Hypertension and Aging

Sep 04 2011

By Michelle S. Cotroneo, Ph.D., Scientific Advisor

Hypertension is commonly referred to as high blood pressure. Blood pressure is the force exerted by the blood on the arterial walls. It is measured in millimeters of mercury, and consists of two parts, a top number (systolic) and a bottom number (diastolic). Systolic refers to the pressure during contraction of the heart, where blood is pumped out into the arteries. Diastolic is the pressure when the heart relaxes and fills with blood. Hypertension is usually asymptomatic.
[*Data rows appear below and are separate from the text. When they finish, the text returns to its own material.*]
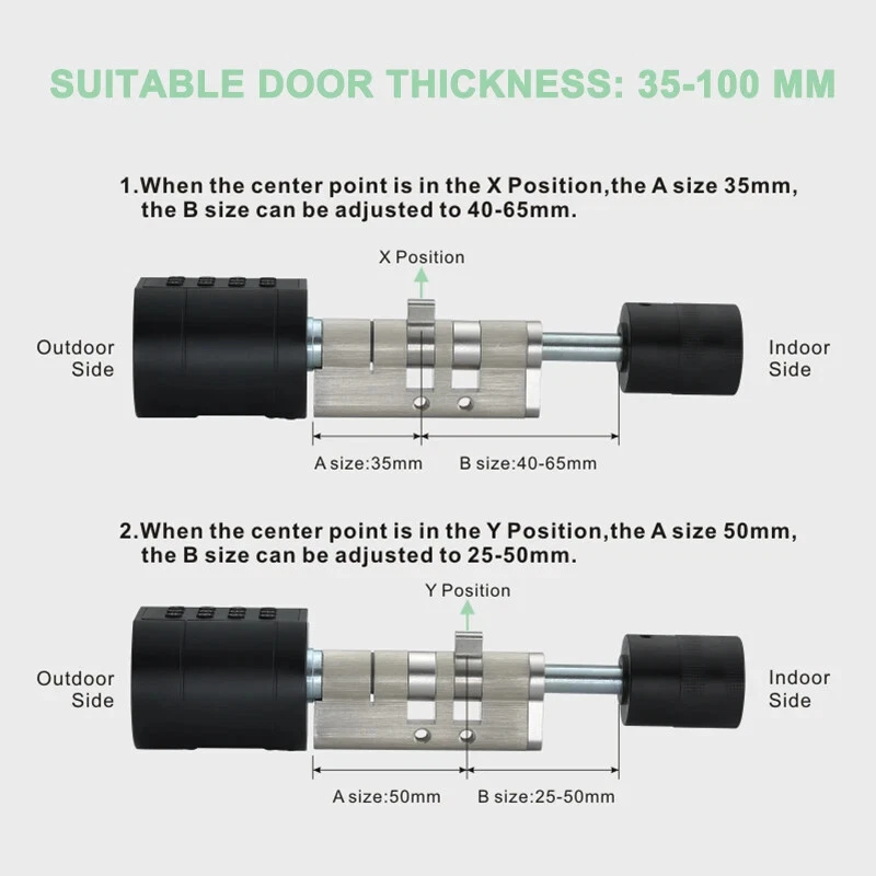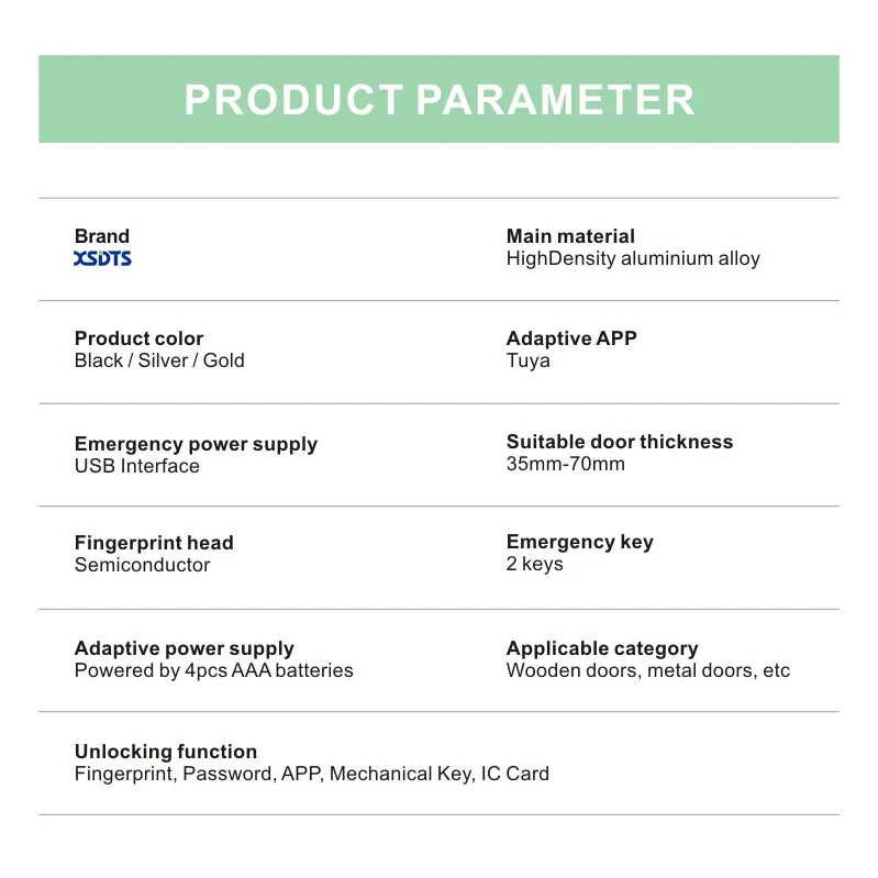 Features 1. Multiple methods of unlocking Tuya App,Bluetooth, fingerprint, card, mechanical key unlock; easy to use it whether children or older. Never worry forget to bring the key. 2.APP remote control This keyless entry door lock allows you to check the visitor records on Tuya APP Lock, see which visitor at what time unlocked the door, enhance the security level of your home. When the door lock and gateway are used together, the APP can be used to remotely control the unlocking. 3. With G2 gateway Works with Smart Alexa or Google Home, smart home combined with the Gateway provides the most convenient experience by simply asking your smart speaker Alexa to lock or unlock our lock. For iOS and Android phone, If add a gateway G2 can connect to wifi, and work with Alexa and Google Assistant (Noted: Only USA/Canada/UK/Australia/France/ltaly/Brazil/India can support the Alexa and only the English country support the Google Assistant.) 4. Mechanical keys and emergency power supply (USB) can be used when the door lock is out of power 5. Easy to install and use Only 3 minutes to diy install without breaking the door or changing the door body and no professional installer required; 6. Suitable for most doors Adjustable length cylinder lock, 99% of world doors to compliance; easy replacement of existing lock cylinder. Different door thickness of accessories are not the same,please contact our salesman when placing an order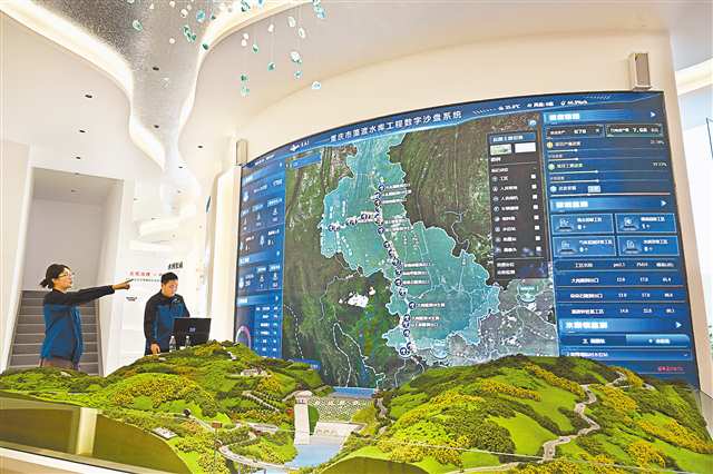 8月28日,藻渡水库大坝智慧控制中心,工作人员在对总长94.24公里的施工现场进行远程监控。记者 罗斌 摄/视觉重庆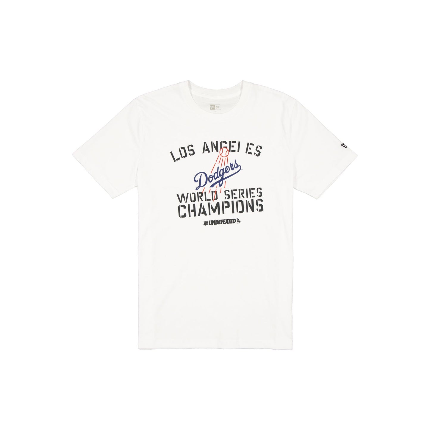 The Undefeated x Los Angeles Dodgers 2024 World Series Champions White T-Shirt features a screen-printed Dodgers graphic at the front.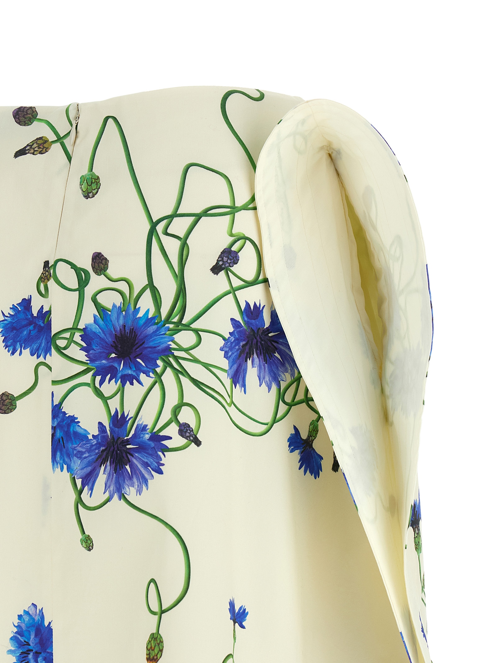 Long skirt in all-over floral print cotton, high waist, tone-on-tone double layer ruffles, back zip closure, side slits, rounded hem.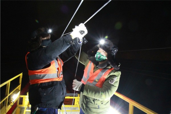 现场作业人员帽子上的头灯和接触网照明灯,映射到作业平台上亮如白昼,远远望去宛若夜空中的星星落入旷野。王冰摄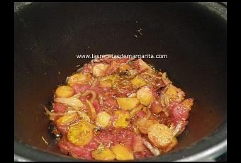 Pelamos el tomate y lo cortamos en cuadraditos (si no queremos entretenernos podemos añadir 3 cucharadas de tomate natural troceado), lo añadimos al sofrito junto con la zanahoria cortada en rodajas, el perejil picado y la piel del limón lavada. Mezclamos bien y añadimos ½ vaso de vino y dejamos cocer.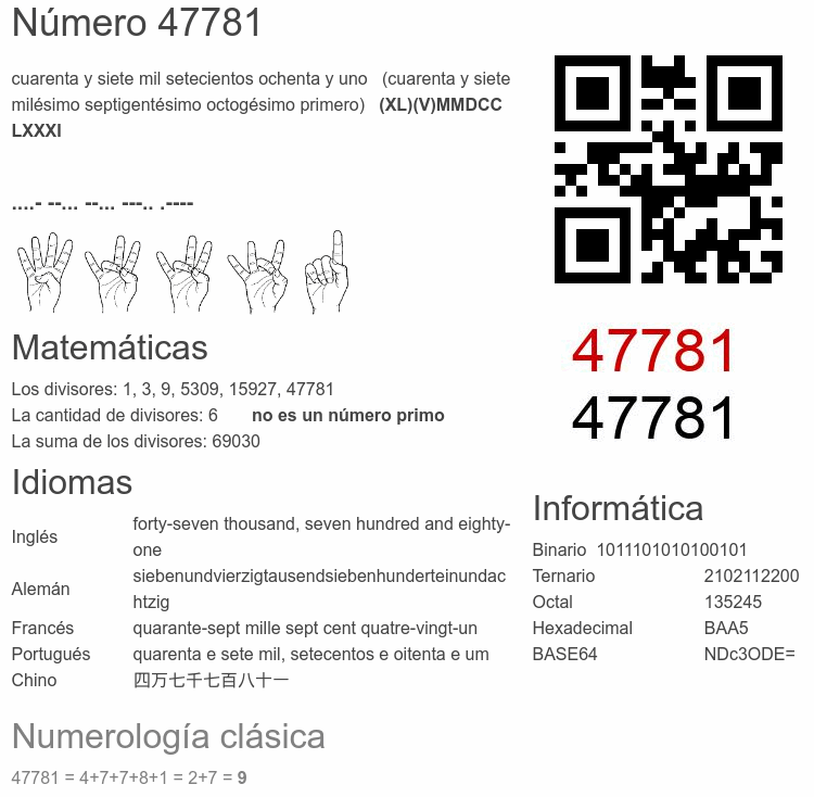 Si conoce algo interesante sobre el número 47781 o cualquier número natural (entero positivo), por favor escríbanos.Número 47 781 en otras unidades

If left untreated, it can lead to stroke, heart attack, kidney disease and other problems.

The criteria for a diagnosis of hypertension defined by the Seventh Joint National Committee on Prevention, Detection, Evaluation, and Treatment of High Blood Pressure are as follows:

1. Blood pressure readings are taken after the patient has been seated quietly for 5 minutes.

2. The blood pressure cuff is the correct size and the arm is elevated with support to be level with the heart.

3. The patient must refrain from smoking, exercising, or consuming caffeine 30 minutes prior to the measurement.

4. Elevated blood pressure on two readings (average) per visit on two or more visits is suggested for diagnosis of hypertension.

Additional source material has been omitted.